Input data =>
◆ ◆ ◆

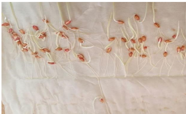
Slika 25. Ječam Bc Bosut – bez pred tretmana –drugo istraživanje
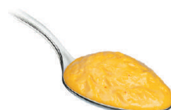
DEMETRA CREMA DI ZAFFERANO 530G 27022C - VASO
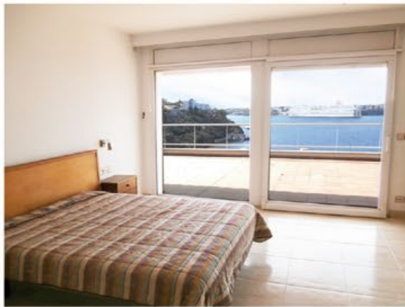
► AMBIENTES ANTES/DESPUÉS PROYECTO RESTYLING VILLA LANTANA, BINIBECA, MENORCA
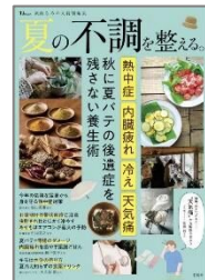
「夏の不調を整える。」 宝島社
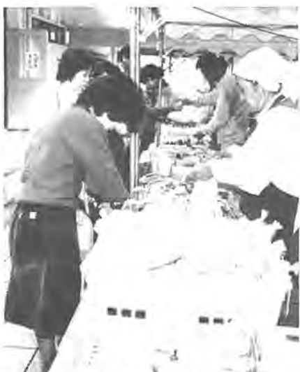
3回目を迎えるすっかり団地住民に定着した、里美村物産展

また、昭和五十五年からは、村の高齢者生産活動センターや農協が中心となり、団地の文化祭会場、村の農産物や特産品を展示即売する里美村物産展を開いていきます。第三回目を迎えた今年はお
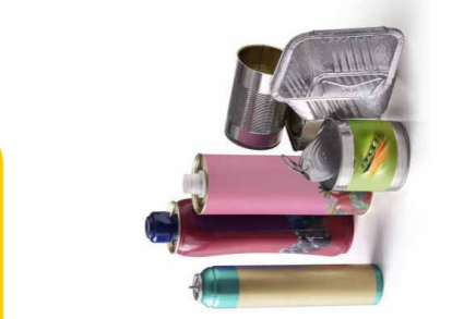
Tous les emballages en métal
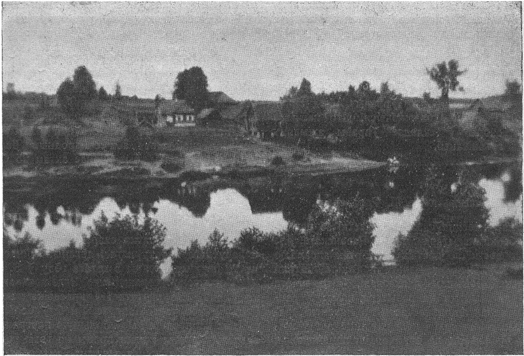
Беларускі краявід — Засьценак над рэчкай.

мітэт Беларускіх Арганізацыяў у В. Брытаніі. Было пастаноўлена дня 25-III зрабіць прыняццё ў Беларускім Доме для сваіх сяброў беларусаў і для госьцяў. Былі разасланыя адпаведныя запысы ў ангельскай мове. Каля гадзіны восьмай у азначаны дзень пачалі сходзіцца госьці ў толькішто адноўлены Беларускі Дом. У адным канцы салі ўжо чакаў госьцяў багаты буфэт, а ветлівыя беларускі стараліся выявіць пры гэтым сапраўдную беларускую гасьціннасьць.
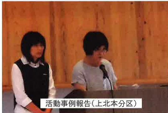
活動事例報告(上北本分区)
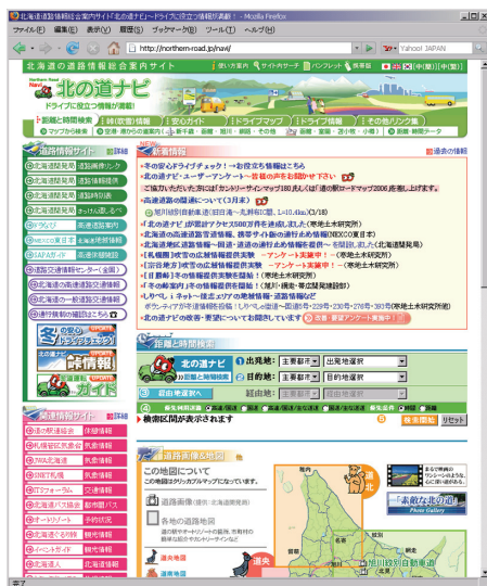
図1 「北の道ナビ」トップページ http://n-rd.jp/
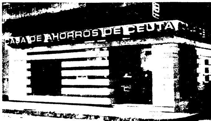
URBANA NUM DOS Barriada de San Jose (CAJERO AUTOMATICO)
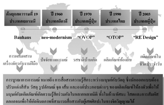
ภาพที่ 2 การบูรณาการอารมณ์ในการออกแบบ (Emotional design)

นอกจากนี้ ผู้วิจัยยังได้ทำการคิดค้นระบบ THRD หมายถึง แนวความคิดใหม่ที่ผู้วิจัยคิดขึ้นประกอบด้วยความหมาย 2 ประการคือ
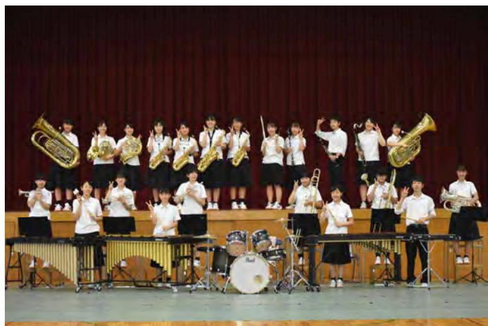
吹 奏 楽 部
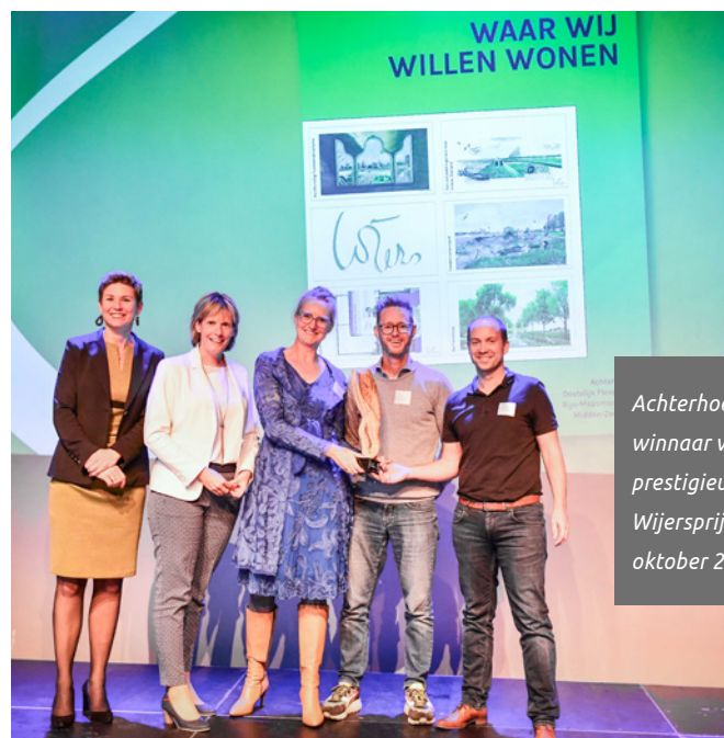
Achterhoek landelijk winnaar van de prestigieuze Eo Wijersprijsvraag, oktober 2023
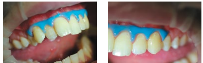
Рис. 4, 5. Зубы после промывания и высушивания
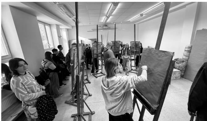
Návštěvníci viděli, jak vznikají originální designy a kresby
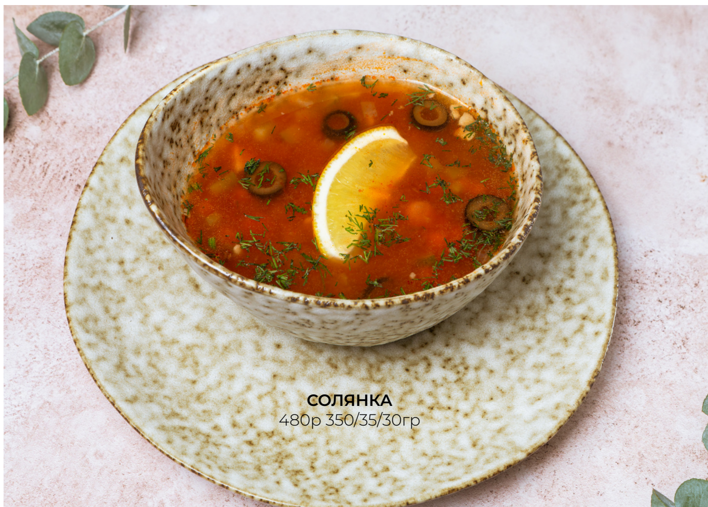
СОЛЯНКА 480р 350/35/30гр
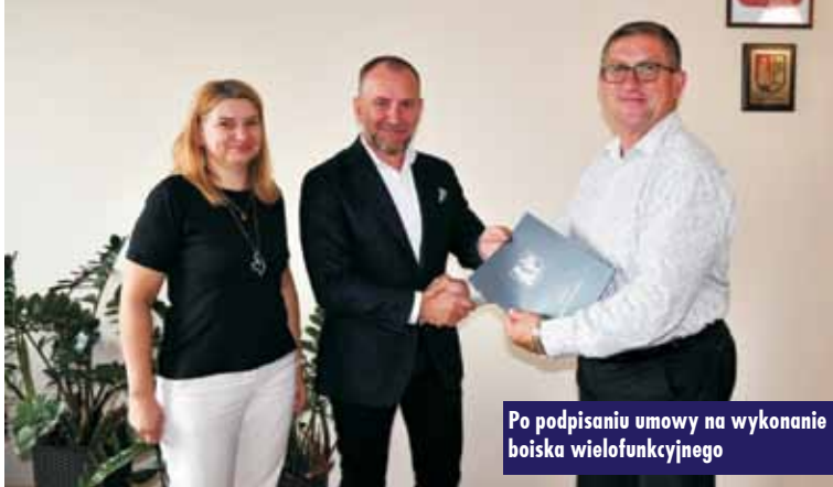
Po podpisaniu umowy na wykonanie boiska wielofunkcyjnego

Rozstrzygnięty został przetarg na realizację inwestycji „Budowa boiska wielofunkcyjnego w Łęce Opatowskiej wraz z kortem tenisowym, infrastrukturą towarzyszącą oraz zagospodarowaniem terenu”. 10 września br. została podpisana umowa z wykonawcą zadania – firmą Tamex Obiekty Sportowe S.A. z Warszawy. Zgodnie z umową, w ciągu jedenastu miesięcy powstanie nowe boisko wielofunkcyjne o wymiarach 22 x 42 m ze sztuczną nawierzchnią syntetyczną oraz kort tenisowy o wymiarach
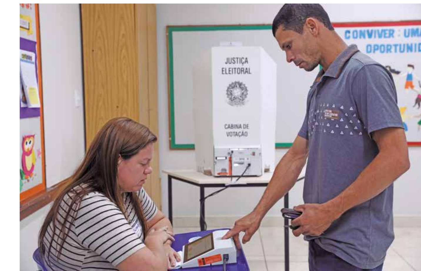
Inscrição como voluntário não garante convocação imediata, mas dados ficam disponíveis para chamados futuros

Os eleitores convocados receberão comunicação oficial da Justiça Eleitoral com
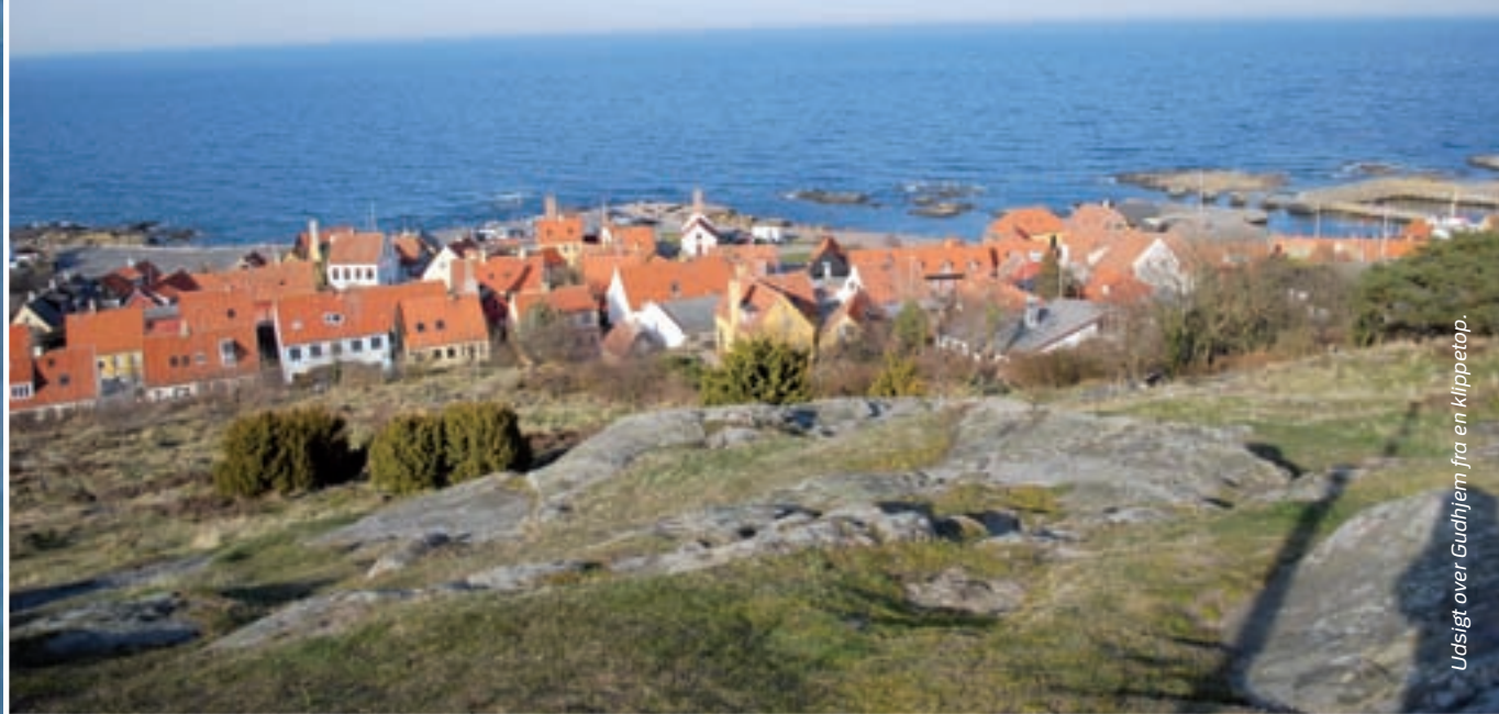
Udsigt over Gudhjem fra en klippetop.

Årets danske politimesterskaber i henholdsvis feltspor og orientering blev en kæmpe succes.
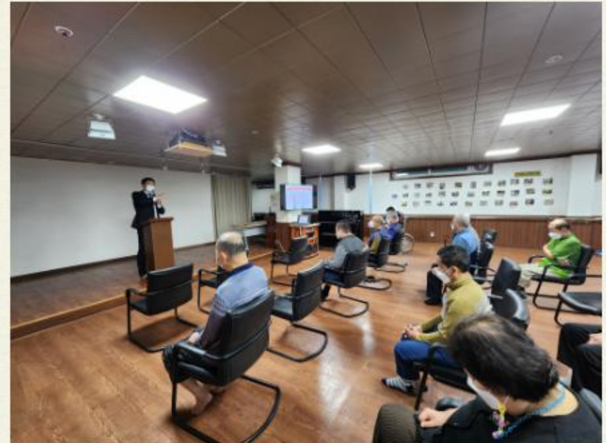
▲ 거주시설연계사업 참여자 질의응답

이번 1차 인권교육은 임동훈 인권 강사님께서 1. 인권 존중과 존엄의 가치 2. 거주인 간의 관계 개선 방안에 대해 교육을 진행하셨습니다.
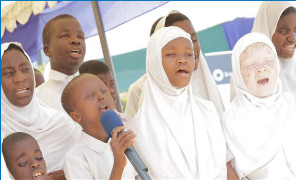
Wanafunzi wa shule ya msingi uhuru mchanganyiko wakiimba wimbo maalum
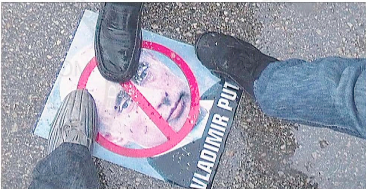
People stepping on Prime Minister Vladimir Putin's poster during a protest against Syrian President Bashar Assad after Friday prayers in Homs, Syria.
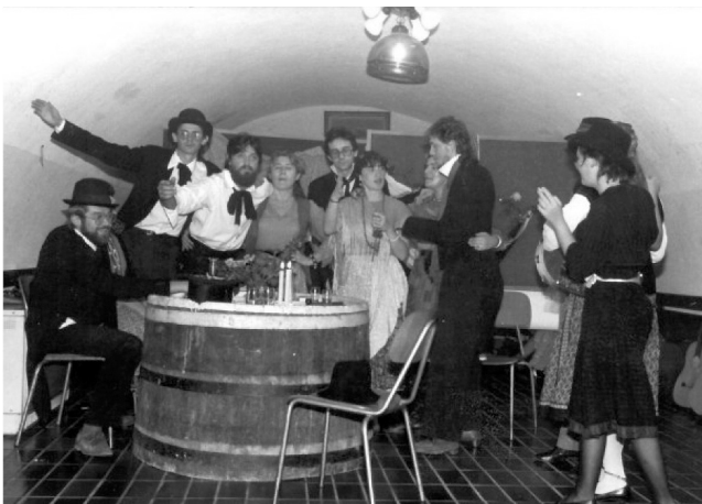
Grupa Dodir, Auvergnanski senatori, Gradski vinogradarski podrum, 1984.
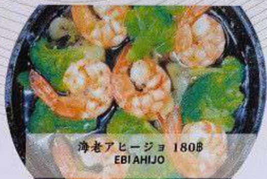
海老アヒージョ 180B EBI AHIJO
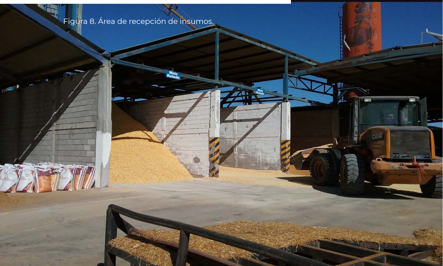
Figura 8. Área de recepción de insumos.

◆ ◆ ◆

Your task => Work from the entries above. Set down exactly and only the lines from the line with "거주시설연계사업 참여자 질의응답" to the line with "海老アヒージョ 180B EBI AHIJO", both included, and leave the pictures out.

Answer section =>
▲ 거주시설연계사업 참여자 질의응답

이번 1차 인권교육은 임동훈 인권 강사님께서 1. 인권 존중과 존엄의 가치 2. 거주인 간의 관계 개선 방안에 대해 교육을 진행하셨습니다.
Wanafunzi wa shule ya msingi uhuru mchanganyiko wakiimba wimbo maalum
People stepping on Prime Minister Vladimir Putin's poster during a protest against Syrian President Bashar Assad after Friday prayers in Homs, Syria.
Grupa Dodir, Auvergnanski senatori, Gradski vinogradarski podrum, 1984.
海老アヒージョ 180B EBI AHIJO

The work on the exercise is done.